10 Greatest Final Albums In Rock
1. Let It Be - The Beatles
In a perfect world, there’s a good chance that we would have never seen the sessions for Let It Be come out. After the initial recordings were put on the shelf, the Beatles thought that they should give their fans a good final album to close things out on, putting together Abbey Road and pushing themselves to their absolute best one last time. When they owed the company one more album though, the band offered this as their swan song, with some faint wisps of that old magic.
While most of Let It Be was assembled together by Phil Spector well after the fact, these sessions were still more than enough for something special, having the band getting back in touch with their roots as a great live rock and roll outfit. Although the rockers like Get Back and Dig a Pony might be a little more by the numbers compared to what they eventually did on Abbey Road, there are still some wild turns that you don’t really see coming, like the strange waltz feel of George Harrison’s I Me Mine and John Lennon turning in one of his best ever lyrics on Across the Universe.

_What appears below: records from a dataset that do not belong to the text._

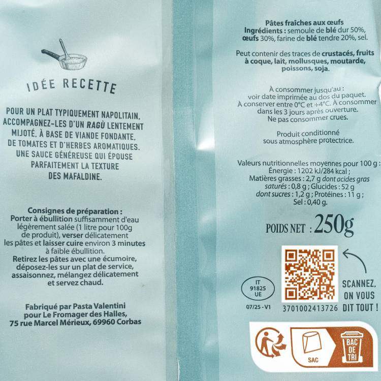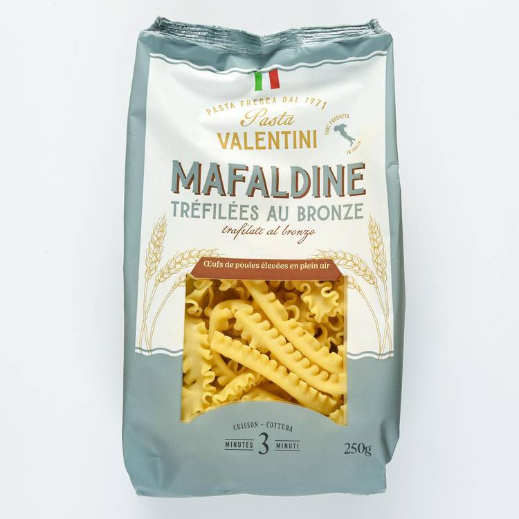 Les mafaldine, aussi appelées "reginette", sont des pâtes longues originaires de Naples. Leur forme singulière ,des rubans plats bordés de dentelle , rend hommage à la princesse Mafalda de Savoie. Une allure royale, pour une pâte qui sait capturer les sauces dans chaque repli. Chez Pasta Valentini, elles sont façonnées avec soin, à partir de blé dur italien, et lentement séchées pour préserver leur texture ferme et leur goût authentique.
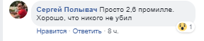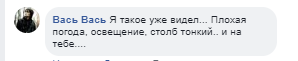 "Синька перемогла!", "Я таке вже бачив... Погана погода, освітлення, стовп тонкий. І на тобі", "Просто 2,6 проміле. Добре, що нікого не вбив", "Не, ну ці стовпи розперезалися, стоять де попало. Заважають людям їздити, як хочеться", "Дивлячись, хто був за кермом, якщо дитя чиновника, то стовп сам підбіг, а якщо вчитель із середньої школи, то звідки у нього Мерседес?", "Добре ще, що в стовп", - пишуть коментатори.
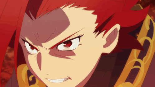 Sion Ulster from Wistoria: Wand and Sword, ready for battle with a sword in a fiery scene.
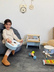 W zestawie znajdują się nuty oraz dwie kostki dla małych i większych dłoni, aby dzieci mogły zacząć grać natychmiast. Gitara wspiera naturalny rozwój słuchu akustycznego, koordynacji palców i poczucia rytmu.
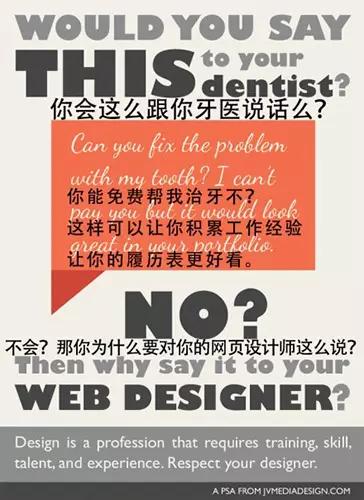 即使你認(rèn)為到嘴的鴨子不能飛了,你也要明確正式的合作關(guān)系,以及前期合作的具體費(fèi)用,當(dāng)然支付時(shí)間可以商量。領(lǐng)導(dǎo)的臭脾氣都是下屬慣出來的,設(shè)計(jì)在售前是一個(gè)心理博弈的過程,你的高姿態(tài)會給你帶來真正的尊重,從商務(wù)上來看,被騙得最慘的就是先給貨后結(jié)算的,難道不是么?一個(gè)提案如果在客戶看來沒有任何成本可言,也就降低了他的重視程度和評價(jià)尺度,你的設(shè)計(jì)在無形中已經(jīng)被貶值了。事實(shí)是,你的免費(fèi)提案并不會讓你的作品質(zhì)量和合作機(jī)會等到提升。不少設(shè)計(jì)師礙于面子,覺得完全拒人于千里之外也是不好的,因此對一些“看上去”價(jià)值含量較低的工作就采取先嘗后買的態(tài)度。你錯(cuò)了,抓緊機(jī)會吃免費(fèi)的午餐是所有不正規(guī)的客戶的慣用伎倆。

There are some songs that definitely feel like table scraps like Dig It and Maggie Mae, but they only enhance the album’s themes of seeing the band at their most streamlined, like you’re a fly on the wall during these sessions. The golden age of the Fab Four may have ended with lawsuits and a whole lot of bad blood, but this is a snapshot of the good times where the band still loved coming together to play some music.